§ Problem statement:
Your answer must hold only the lines below from the line containing "Montreal Canadiens goaltender" through the line containing "袖先にシャギー素材を組合せた", each reproduced exactly.
*** Records ***
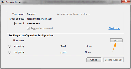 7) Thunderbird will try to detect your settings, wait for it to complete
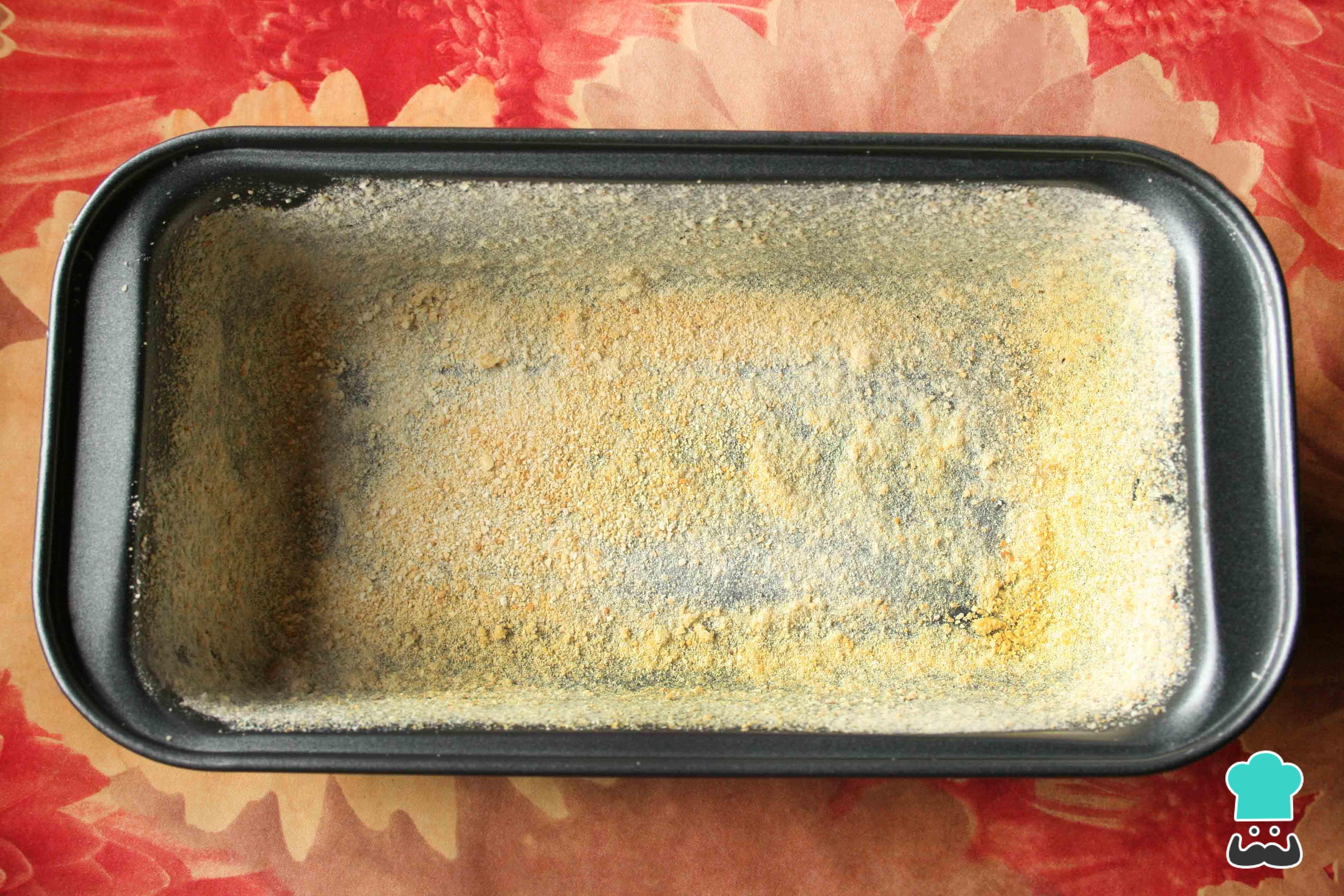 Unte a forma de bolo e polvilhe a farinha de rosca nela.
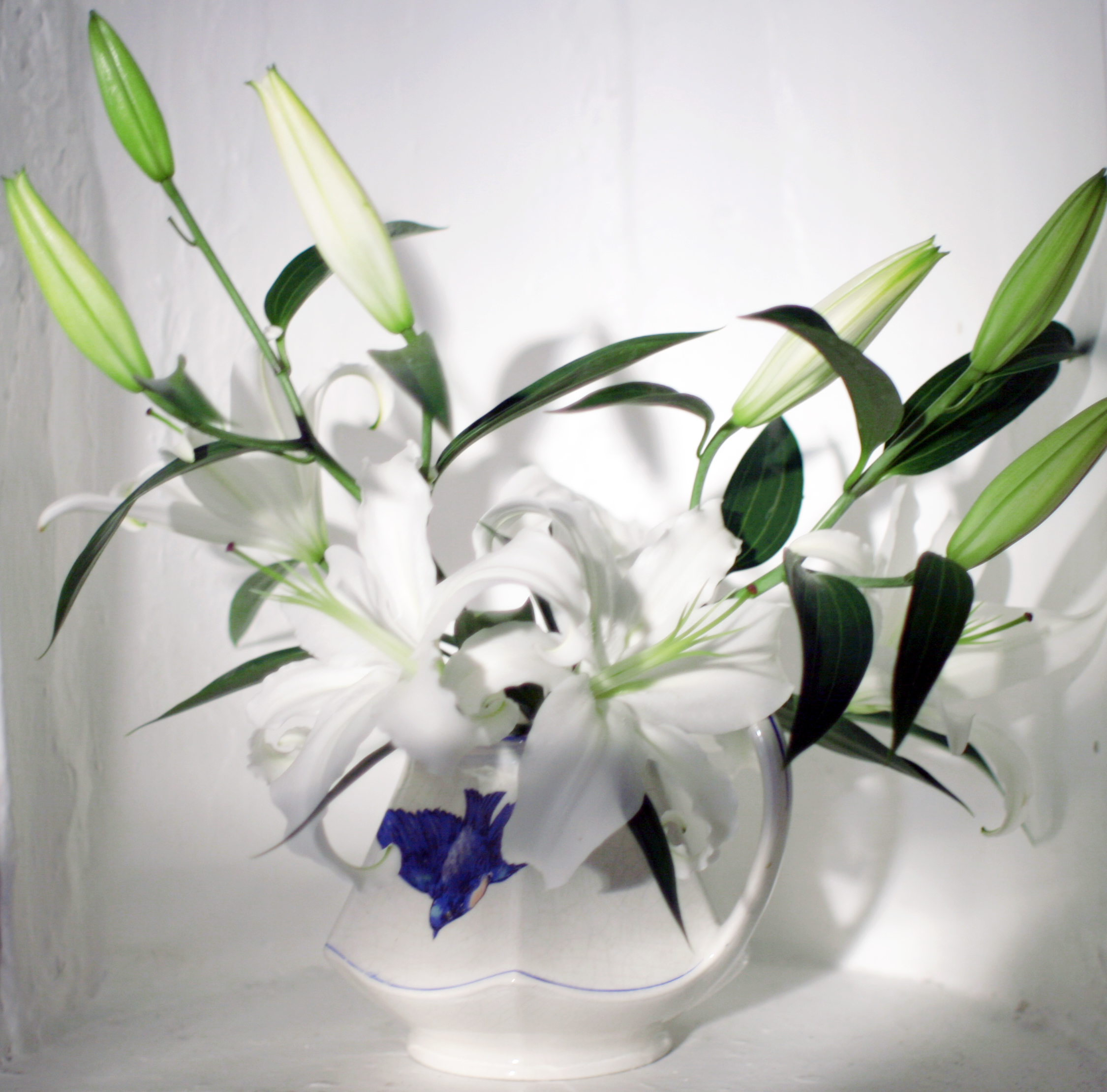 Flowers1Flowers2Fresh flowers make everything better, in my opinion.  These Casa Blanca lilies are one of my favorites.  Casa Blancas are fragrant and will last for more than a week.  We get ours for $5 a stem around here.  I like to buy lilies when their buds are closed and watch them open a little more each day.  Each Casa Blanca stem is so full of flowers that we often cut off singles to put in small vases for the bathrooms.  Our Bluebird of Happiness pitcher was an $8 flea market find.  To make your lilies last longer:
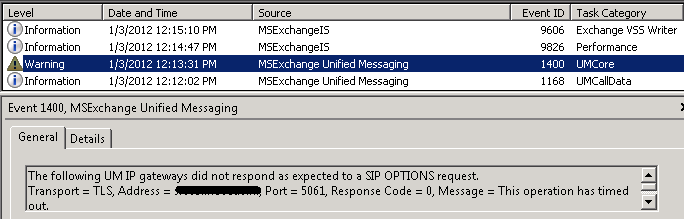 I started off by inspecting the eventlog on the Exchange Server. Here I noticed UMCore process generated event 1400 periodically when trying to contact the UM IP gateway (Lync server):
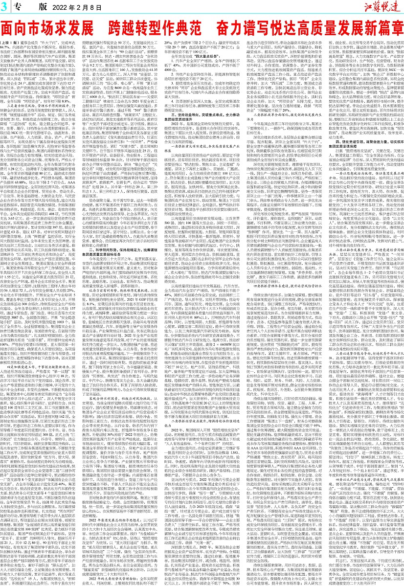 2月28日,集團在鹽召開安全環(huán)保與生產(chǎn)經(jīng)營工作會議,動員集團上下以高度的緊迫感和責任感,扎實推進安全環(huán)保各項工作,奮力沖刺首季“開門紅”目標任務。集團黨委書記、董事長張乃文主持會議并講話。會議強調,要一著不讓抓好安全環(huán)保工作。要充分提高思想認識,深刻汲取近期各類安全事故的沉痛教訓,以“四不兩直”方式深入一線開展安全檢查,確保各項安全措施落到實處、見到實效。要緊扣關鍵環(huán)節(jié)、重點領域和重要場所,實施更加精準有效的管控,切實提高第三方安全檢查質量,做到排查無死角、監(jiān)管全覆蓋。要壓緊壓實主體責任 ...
*** End of Records ***
*** Records ***
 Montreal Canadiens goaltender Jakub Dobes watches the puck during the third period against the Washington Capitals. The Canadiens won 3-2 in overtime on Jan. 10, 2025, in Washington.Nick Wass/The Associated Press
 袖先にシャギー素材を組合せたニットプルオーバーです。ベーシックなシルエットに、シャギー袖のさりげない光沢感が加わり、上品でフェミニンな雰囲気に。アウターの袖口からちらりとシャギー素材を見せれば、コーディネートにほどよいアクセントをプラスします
*** End of Records ***
§ Result of the exercise:
 Montreal Canadiens goaltender Jakub Dobes watches the puck during the third period against the Washington Capitals. The Canadiens won 3-2 in overtime on Jan. 10, 2025, in Washington.Nick Wass/The Associated Press
 袖先にシャギー素材を組合せたニットプルオーバーです。ベーシックなシルエットに、シャギー袖のさりげない光沢感が加わり、上品でフェミニンな雰囲気に。アウターの袖口からちらりとシャギー素材を見せれば、コーディネートにほどよいアクセントをプラスします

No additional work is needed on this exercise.